Mixing it up again no-fi style
BECK'S word of the day is "discombobulated". He's feeling it, too - 42- year-old Beck Hansen is rattled.
BECK'S word of the day is "discombobulated". He's feeling it, too - 42- year-old Beck Hansen is rattled.
"They're retiring the space shuttle so they're flying it around California today, right over my house!" offers rock 'n' roll's manchild from his villa in Silverlake as the heavens "shake 'n' bake".
"I could hear this hellacious sound of behemoths flying overhead and I had a comedic episode of trying to get my door open and it got jammed. It was like missing the whale," he says.
He regains his composure. Beck's back, thinking fast, talking slow.
"Are you in Sydney?" he asks. Melbourne actually, a place where your scribe once met Beck and gave him a bottle of Yarra Valley Shiraz and some jellybeans. "Oh yeah?
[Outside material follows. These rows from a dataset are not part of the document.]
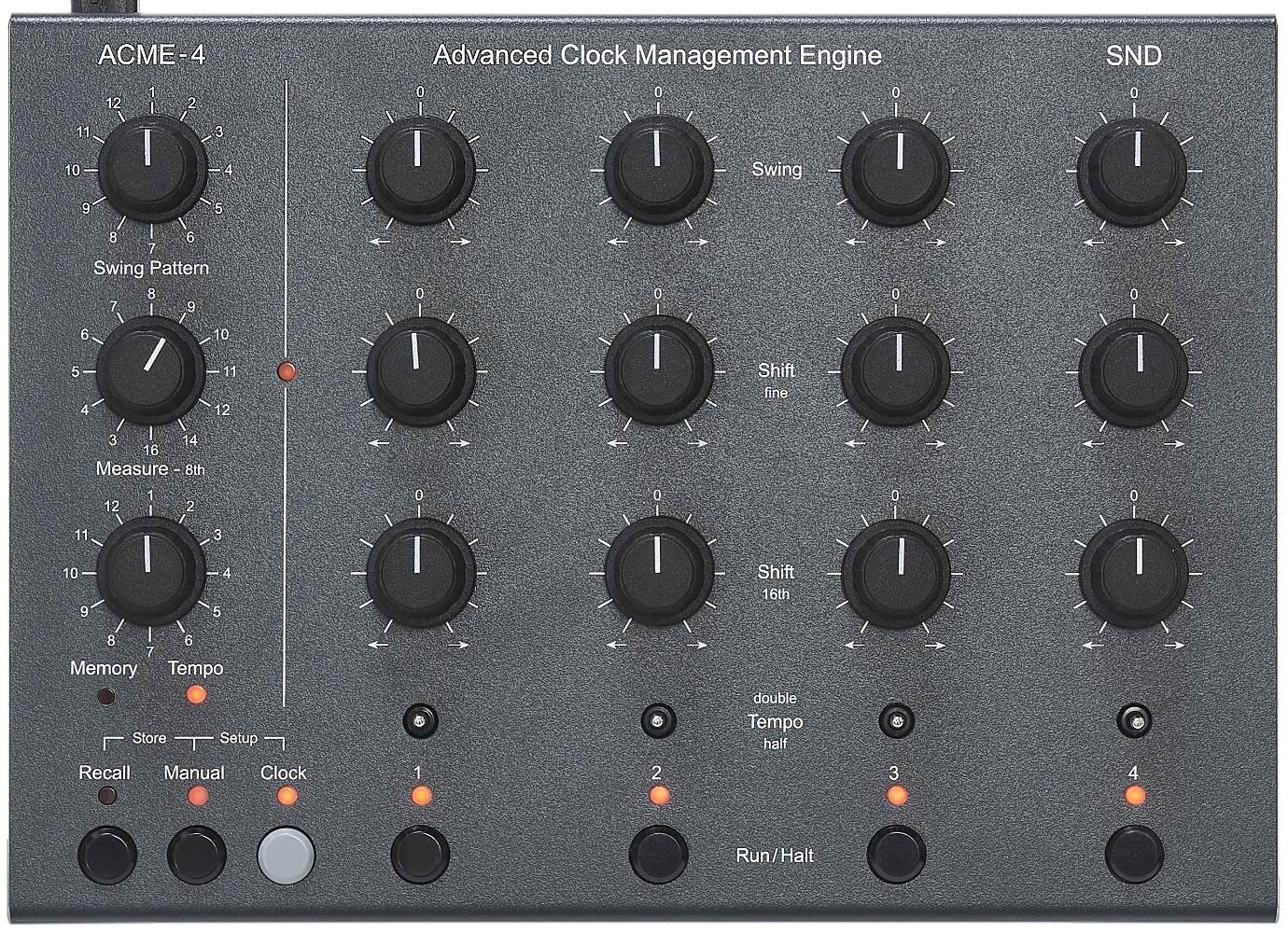 SNDs neuestes Gerät namens ACME4 ist ein professionelles Zentralsteuersystem für Musiksynchronisationssignale. Die Abkürzung ACME steht für "Advanced Clock Management Engine". Es ist das einzige Gerät der Welt, das eine MIDI-Master-Clock erzeugt, die absolut jitterfrei ist!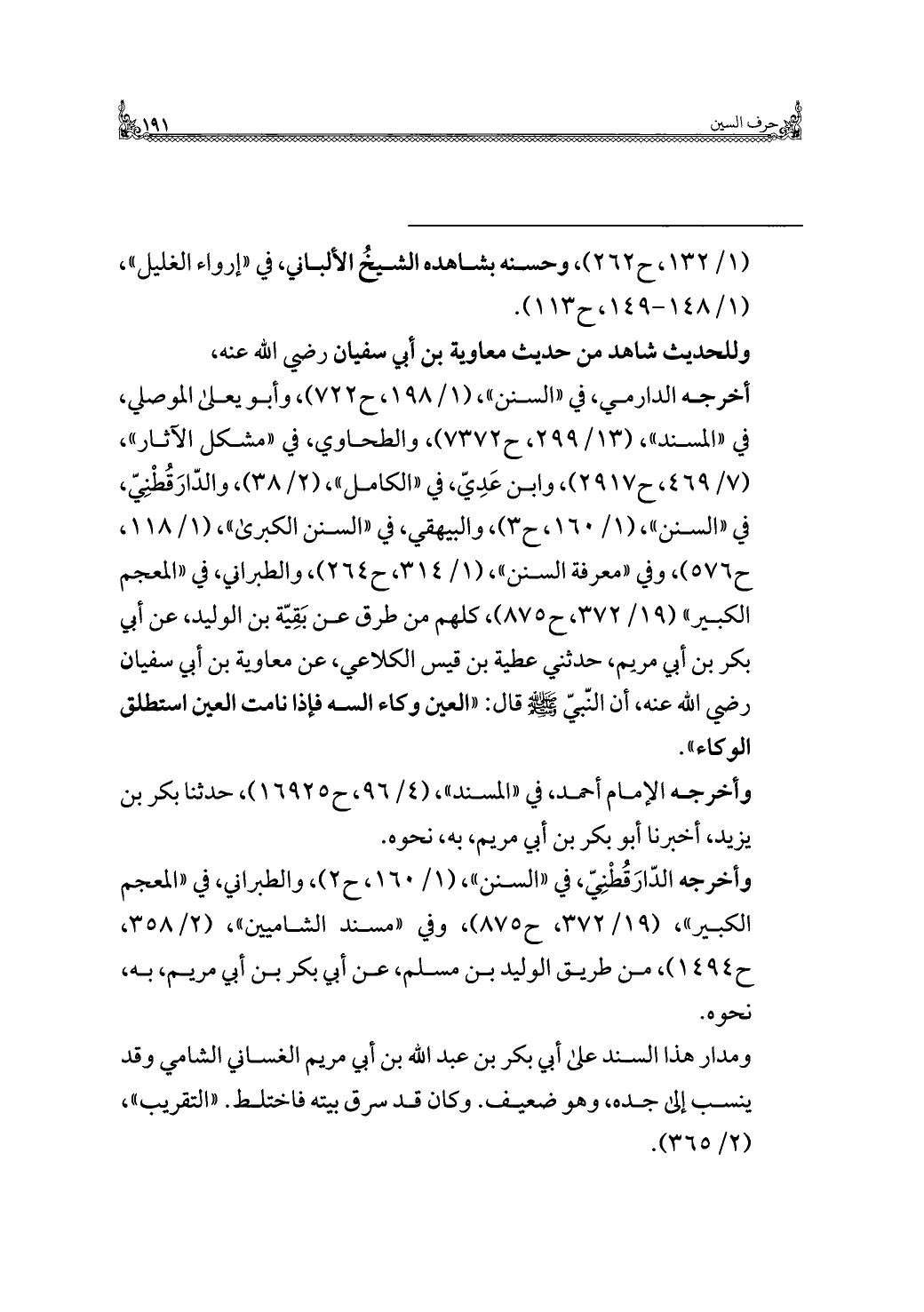 أخرجه الدارمي، في "السنن"، (١/ ١٩٨، ح ٧٢٢)، وأبو يعلى الموصلي، في "المسند"، (١٣/ ٢٩٩، ح ٧٣٧٢)، والطحاوي، في "مشكل الآثار"، (٧/ ٤٦٩، ح ٢٩١٧)، وابن عَدِيّ، في "الكامل"، (٢/ ٣٨)، والدّارَقُطْنِيّ، في "السنن"، (١/ ١٦٠، ح ٣)، والبيهقي، في "السنن الكبرى"، (١/ ١١٨، ح ٥٧٦)، وفي "معرفة السنن"، (١/ ٣١٤، ح ٢٦٤)، والطبراني، في "المعجم الكبير" (١٩/ ٣٧٢، ح ٨٧٥)، كلهم من طرق عن بَقِيّة بن الوليد، عن أبي بكر بن أبي مريم، حدثني عطية بن قيس الكلاعي، عن معاوية بن أبي سفيان رضي اللَّه عنه، أن النّبيّ -صلى اللَّه عليه وسلم- قال: "العين وكاء السه فإذا نامت العين استطلق الوكاء".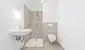 Das moderne Badezimmer ist über das Wohnzimmer zu begehen und ist mit einer Dusche, einem Handwaschbecken, einer Toilette und einem Waschmaschinen-Anschluss ausgestattet.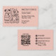 ¡Un adorable mascota coge una tarjeta de visita con un código QR! Este encantador diseño presenta un fondo de melocotón con una adorable imagen gráfica de lindos gatos y perros. Personaliza esta tarjeta con tu nombre, negocio, dirección, número de teléfono, correo electrónico y sitio web. Es la herramienta perfecta para proveedores de servicios mascotas como veterinarios, caminantes de perros, comensales y entrenadores. Muestra tu profesionalismo y haz una impresión duradera con esta atractiva tarjeta de visita. Permita que sus clientes se conecten fácilmente con usted mediante la exploración del código QR para obtener acceso instantáneo a su información. Personalizar la "llamada a la acción" para dirigir a los clientes a su calendario, referencias o precios que las opciones son interminables. ¡Consigue tus fuerzas en este negocio imprescindible hoy!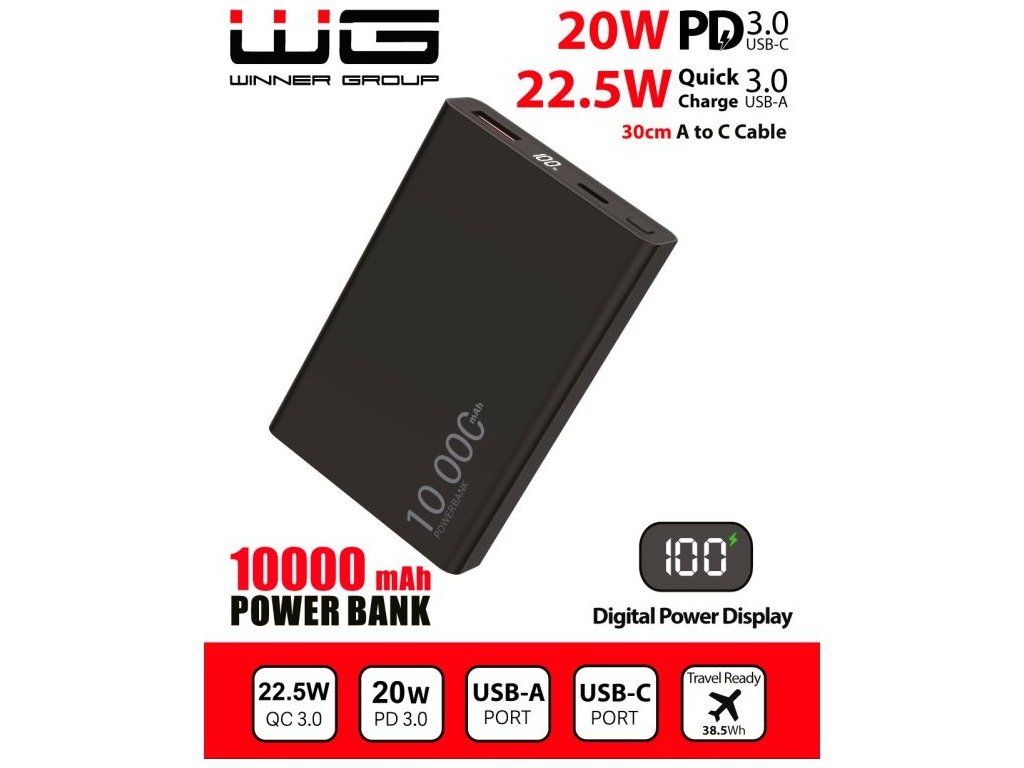 WG - Power Bank 10000 mAh, USB-C PD 20W + USB-A 22.5W, černá
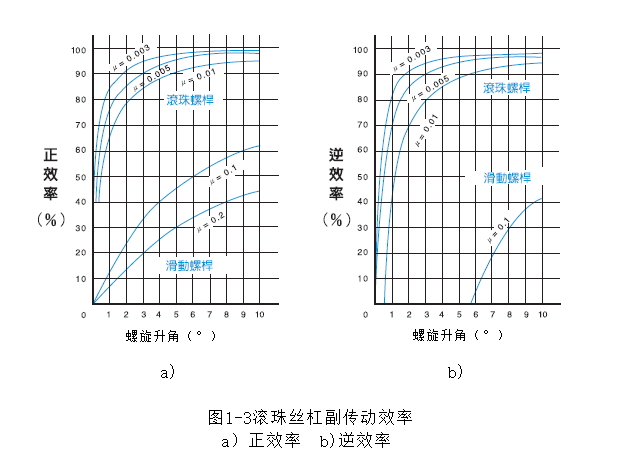 滾珠絲杠副傳動的摩擦系數(shù)經(jīng)試驗(yàn)測得,一般為0.0025-0.0035,其傳動摩擦阻力大幅減小,傳動效率得 到很大提高。如圖1-3所示,當(dāng)摩擦系數(shù)μ=0.003、螺旋升角λ=2°時(shí),傳動效率可達(dá)90%以上;當(dāng)螺旋升角λ=3°時(shí),傳動效率可升至95%以上; 當(dāng)λ繼續(xù)增大時(shí),傳動效率的理論值可高達(dá)98%,但其速率增加的緩慢。滾珠絲杠副傳動效率相當(dāng)于滑動螺旋傳動的2~4倍,滾珠絲杠傳動相對滑動螺旋傳動來說,能以較小動力推動較大負(fù)荷,而功率消耗只有滑動螺旋傳動的1/4~1/2,不僅能大幅減輕操作者的勞動強(qiáng)度,而且對機(jī)械小型化、起動后顫動和滯后時(shí)間的減少以及節(jié)省能源等方面都具有重要意義。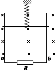两根足够长的光滑导轨竖直放置,间距为L,底端接阻值为R的电阻。将质量为m的金属棒悬挂在一个固定的轻弹簧下端,金属棒和导轨接触良好,导轨所在平面与磁感应强度为B的匀强磁场垂直,如图所示,除电阻R外其余电阻不计。现将金属棒从弹簧原长位置由静止释放,则![]()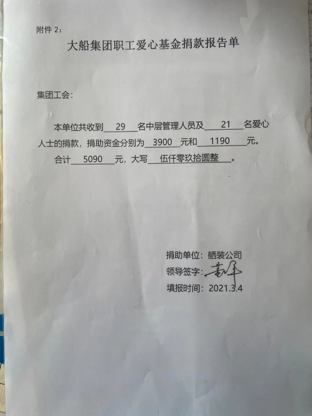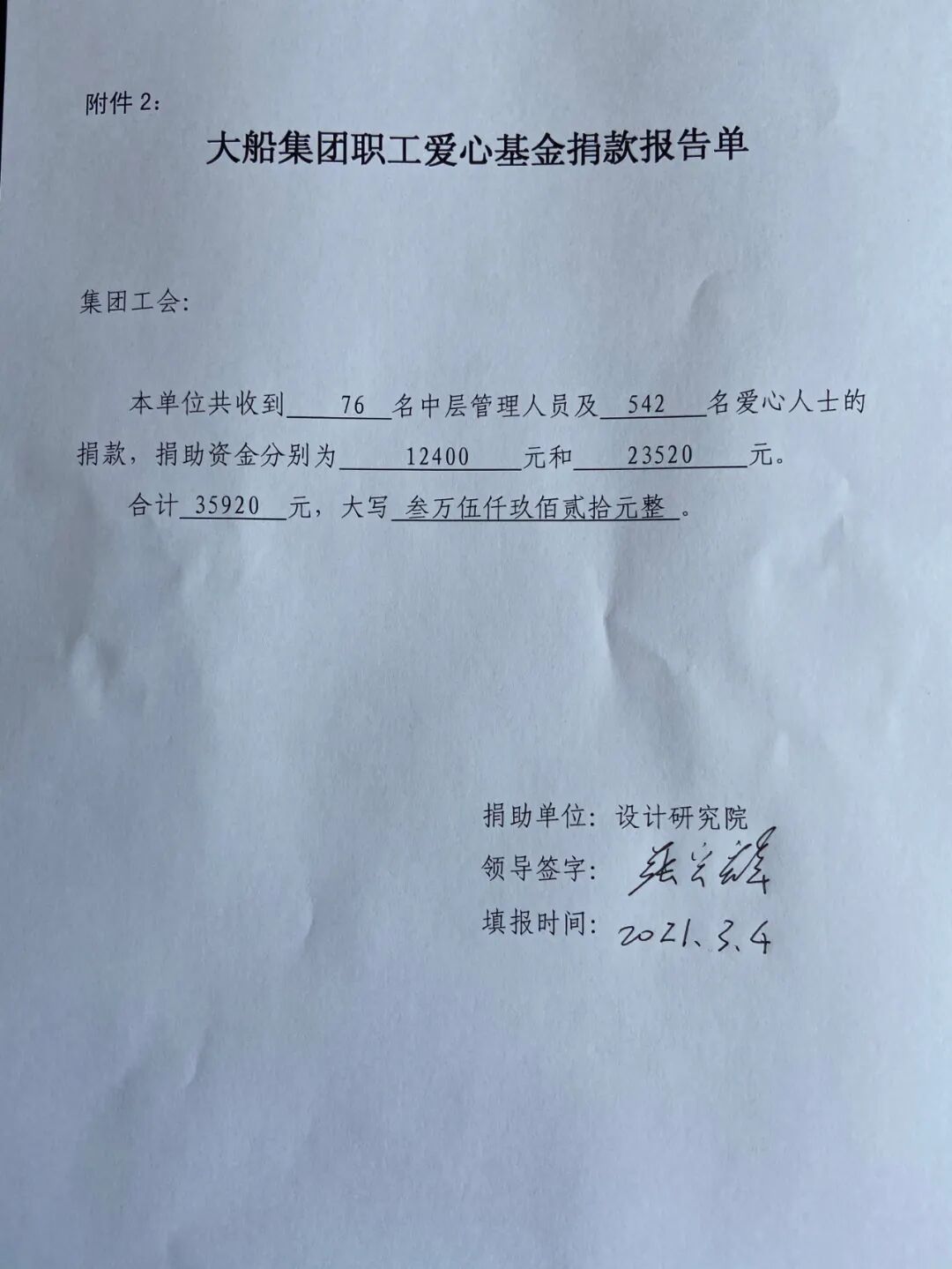 3月5日“爱心日”来临之际,中国船舶大船集团举办了爱心日捐款活动。结合当前疫情防控工作需要,今年爱心捐款活动仍采取线上形式开展。尽管不能亲手将善款投入捐款箱中,但大船人的爱心仍然格外高涨,尤其是设计院等单位爱心人士踊跃捐款,本次“爱心日”捐款活动共得到各方面捐款合计1417295元。

That's a winning combination," he twangs back.
Beginning his career proper(ly) in 1994 with ubiquitous slacker hit Loser, many pegged Beck as a lo-fi busker who was in the right place at the right time.
That is kind of true, he was living in squalor and riding buses around LA's concrete jungles, sitting in the back seat and playing his heart out to the annoyance of most passengers.
The lo-fi thing doesn't stick though, Beck was quoted at the time Mellow Gold came out that he was trying to sound as hi-fi as possible, he just couldn't afford it.
Now 12 albums into his career Beck is changing it up again - he's gone no-fi.
Beck's Song Reader will be published (not recorded!) by McSweeney's in December. It's a collection of sheet music with titles such as Don't Act Like Your Heart Isn't Hard, Mutilation Rag and Old Shanghai.
"The concept was inspiring to me but also intimidating," he says. "A part of me wants to tinker with it for another year. It's engaging with the idea of songwriting in the classic songbook style, Tin Pan Alley: Nashville, Motown, British Pop, '60s pop, singer songwriter stuff, the whole thing."
Along the way, Beck made some discoveries. "Half the sheet music produced between 1915 and 1940 has ukulele notations. There was a ukulele revolution happening in society, people would be thoroughly surprised it was so prevalent," he chuckles.
Ukulele popped up on 1996's Odelay, incidentally an album Beck has been revisiting.
"This band toured Odelay for three years and knows that record inside out so I've been taking advantage of that."
Don't expect the white boy funk moves though. "My days of doing the splits are behind me." And so are the '90s. Beck's happy about that. "The '90s were a much more confrontational time. I had giant plastic vats of urine thrown at me.
But he counters: "The lows are equal to the highs. There was the time in a dirt field in the middle of Spain at 4am with the whole audience singing E-pro ... after we'd left the stage. Large audiences in remote locations can do strange and amazing things."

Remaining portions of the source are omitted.